Thought re Joe Barton: yes, the man’s a nasty little thug. However, I have an equal distaste for people who seek to invoke the police’s authority over trivial matters as I do for nasty little thugs, and last week’s incident was undeniably trivial. Had the boy in whose eye Barton allegedly stubbed out a cigar contacted the police, I would not have criticised him in the least.

World of clever plans

Bar staff should wear earplugs. Yes, that one’s been thought through. It’s the kind of thing ‘ooh, we are an NGO, we are so PC’ thing that actually turns you into a Daily-Mail-reading lunatic…

Fucking hell, what a bunch of cunts

You know what the best thing ever would be? If someone were tie up Guido, Ian Dale and Dizzy, and lock them in a room with John Hirst and an axe. Damn, that would rule.

What a fucking bunch of useless, pathetic arseholes.

Ousmane Dabo is a vindictive whining cock

Everyone knows Joey Barton is a thug. However, if one of your mates thumps you, you have minor outpatient treatment but are OK, and you’re asked whether you want to press charges, then – unless you are a despicable grassing little cunt, which is probably why you were thumped in the first place, you say that you do not.

Mr Dabo, the fucking French pansy, is pressing charges.

And I mean this most sincerely

Do not click on this link if you are at work. Or, indeed, at all.

Two cheers for Virgin

Loose Change is a stupid film; if you believe its premise, then you’re an idiot.

However, Virgin Atlantic showed it had balls by making the film available on its in-flight video-on-demand service: even I could have predicted that doing so would provoke a shitstorm of whining Yank cuntery. Far too many people seem to believe that September 11 is so fucking unique or special (or whatever) that we shouldn’t mock, dissect or ill-infomedly speculate about it.

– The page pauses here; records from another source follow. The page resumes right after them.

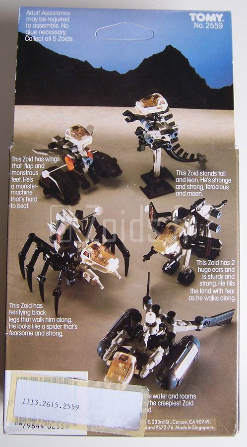 Traduction de sa description sur les côtés de la boite : "Un monstre-machine puissant et d’un autre temps. C’est le monstre le plus étrange qu’on aie jamais vu." "Ce Zoïd est grand et mince. Il est étrange et fort, féroce et mauvais."
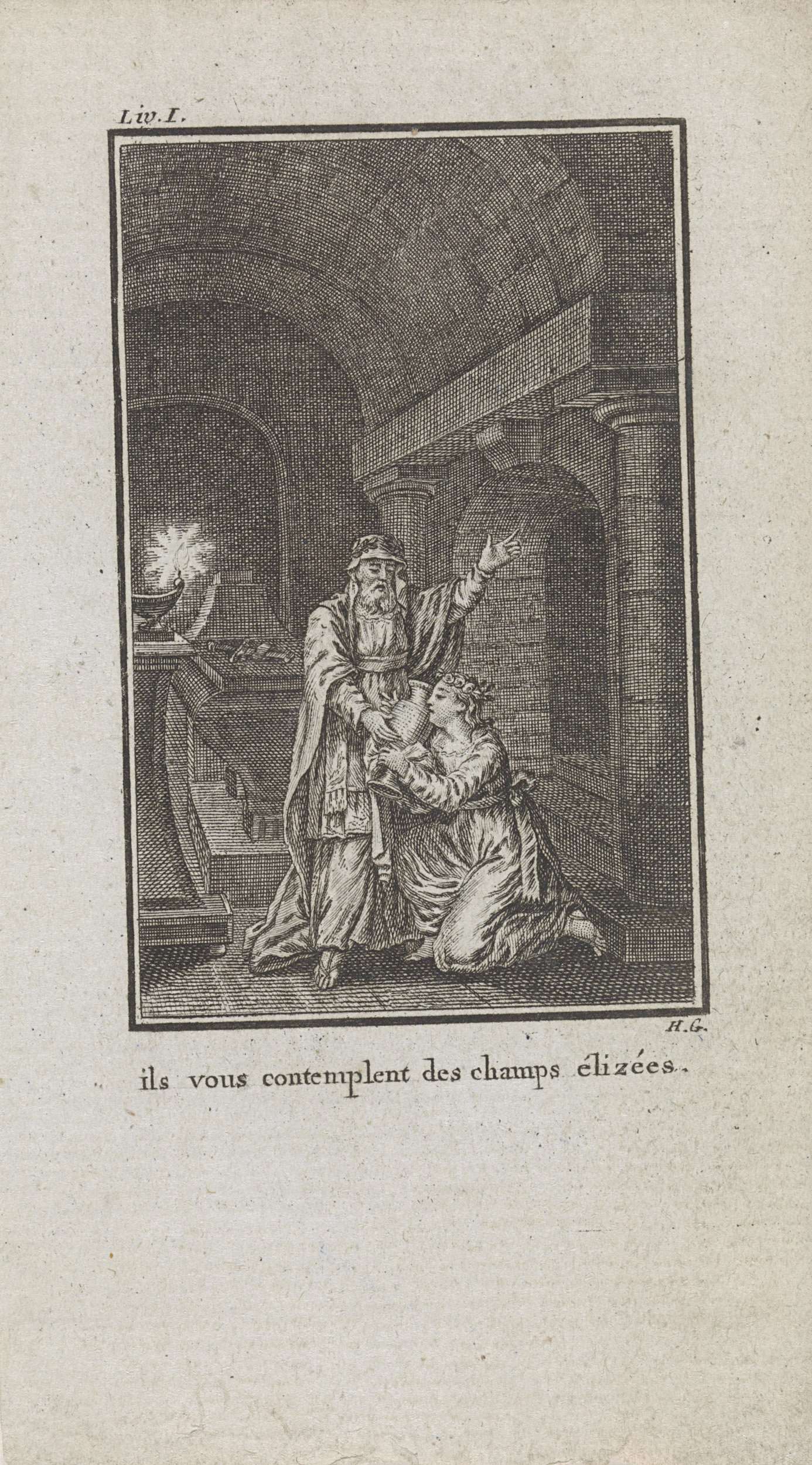 Numa knielt en kust de urn van zijn moeder in de grafkelder van zijn ouders, terwijl de hogepriester Tullus over hun leven vertelt. Met een Frans onderschrift.
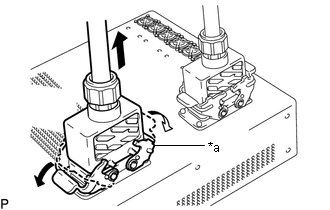 | (1) Débrancher les 4 connecteurs haute tension (oranges) de l'ensemble d'ECU de la batterie. |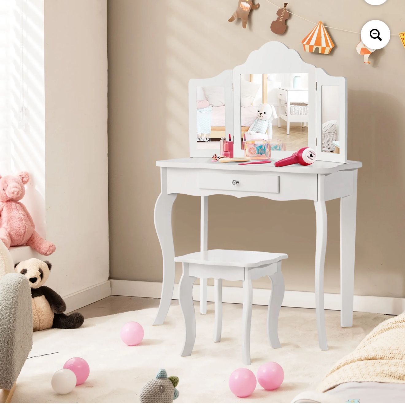 Costway Vanity Table Set Makeup Dressing Table Stool Mirror White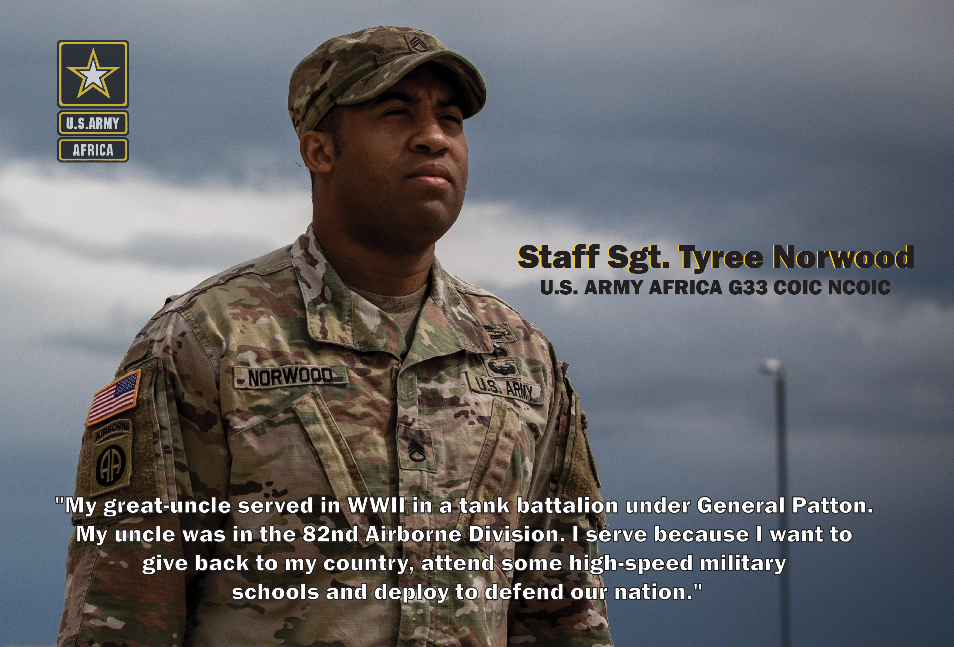 "My great-uncle served in WWII in a tank battalion under General Patton. My uncle was in the 82nd Airborne Division. I serve because I want to give back to my country, attend some high-speed military schools and deploy to defend our nation."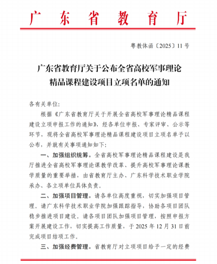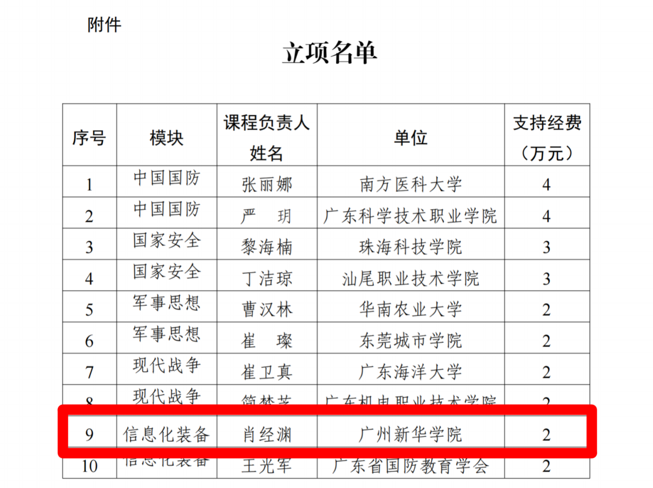 6月5日,广东省教育厅公布全省高校军事理论精品课程建设项目立项名单,全省高校共立项10项。太阳集团2007国防教育教研室教师肖经渊在全省高校评选中脱颖而出,荣获广东省高校军事理论精品课立项。
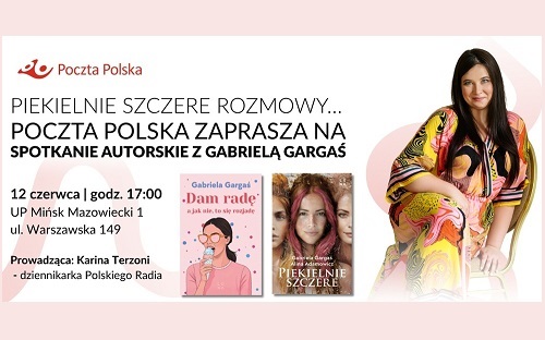 Już jutro, 12 czerwca w placówce pocztowej w Mińsku Mazowieckim odbędzie się kolejne spotkanie autorskie organizowane przez Pocztę Polską. Autorka książek i podcasterka Gabriela Gargaś opowie o swoich dwóch najnowszych tytułach – Piekielnie szczere oraz Dam radę, a jak nie to się rozjadę.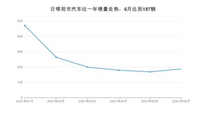 2021年6月,日喀则市汽车总销量为187辆,同比下降31.25%,环比增长11.31%。1-6月份,日喀则市总销量为1468辆,同比下降10.05%。在最近1年中,日喀则市销量在2021年01月达到最高,销量为471辆。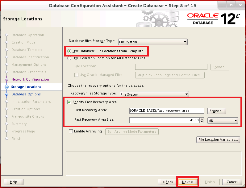[Storage Locations] ウィンドウで、以下の値を選択します。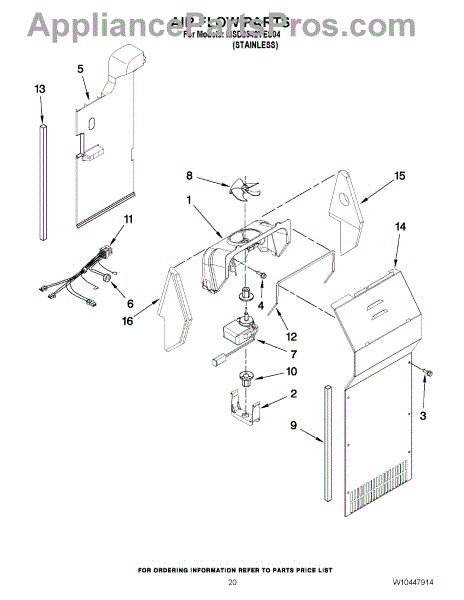 This fan scroll is the plastic housing that surrounds the evaporator fan in the freezer section. It directs air across the evaporator coils and into the ducts, helping your refrigerator move cold air evenly and maintain stable temperatures.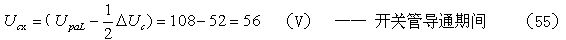 這里順便說明一下,為什么(53)式中的分流系數(shù)取值為0.5,而不是其它數(shù)值。因?yàn)椋至飨禂?shù)r的取值范圍是0~1,它是一個(gè)動(dòng)態(tài)系數(shù),它的大小,除了與輸入電壓和輸出功率和RCD電路中電容、電阻的大小有關(guān)外,還與開關(guān)管的關(guān)斷時(shí)間,以及電流大小有關(guān)系。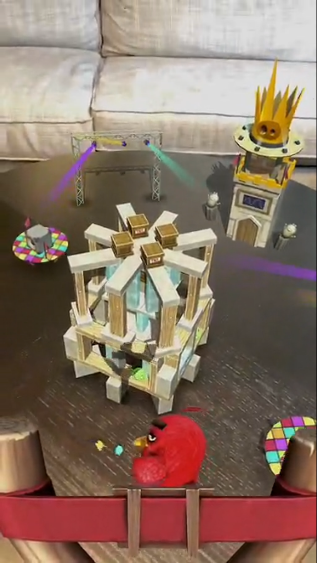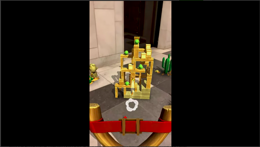 Google Play videos are not restricted to in-app footage, so Angry Birds AR could use additional video footage and art elements to enhance the video. For instance, an animated introduction could set up the story of the game, or it could use live action footage to show people interacting with the pigs’ fortresses and launching birds at them.

One un-cheer to Virgin for backing down in the face of the inevitable shitstorm – although then again, it’s probably not worthwhile for one commercial business to bother challenging a nation’s worth of moronic perceptions in order to show a film made on equally moronic premises.

However a blevee is spelt, can we put Paul Dacre in one?

There are reasons why some people might hate Lord Browne, ex-BP CEO. I’m not among said people – I think he did an excellent job of rebranding an oil company (a fucking oil company, for Christ’s sake!) as non-evil, and I’m also amused at the way he shifted the traditional ‘we kill people outside the US in order to help the Yanks’ bottom line’ focus of a major oil company to do the opposite [*].

However, and irrespective of any of that bollocks – the manner of his departure is fucking disgusting. The fact that because the guy is a queer, the Daily Mail has hounded him out of office is one of the most despicable press abuses of power of this day and age.

[*] you may find the death of 15 Texan hicks in order to benefit British pension funds unamusing. If so, fuck off and read Blognor Regis, or some similar ‘swear words and snuffed Yanks aren’t funny‘ cunt.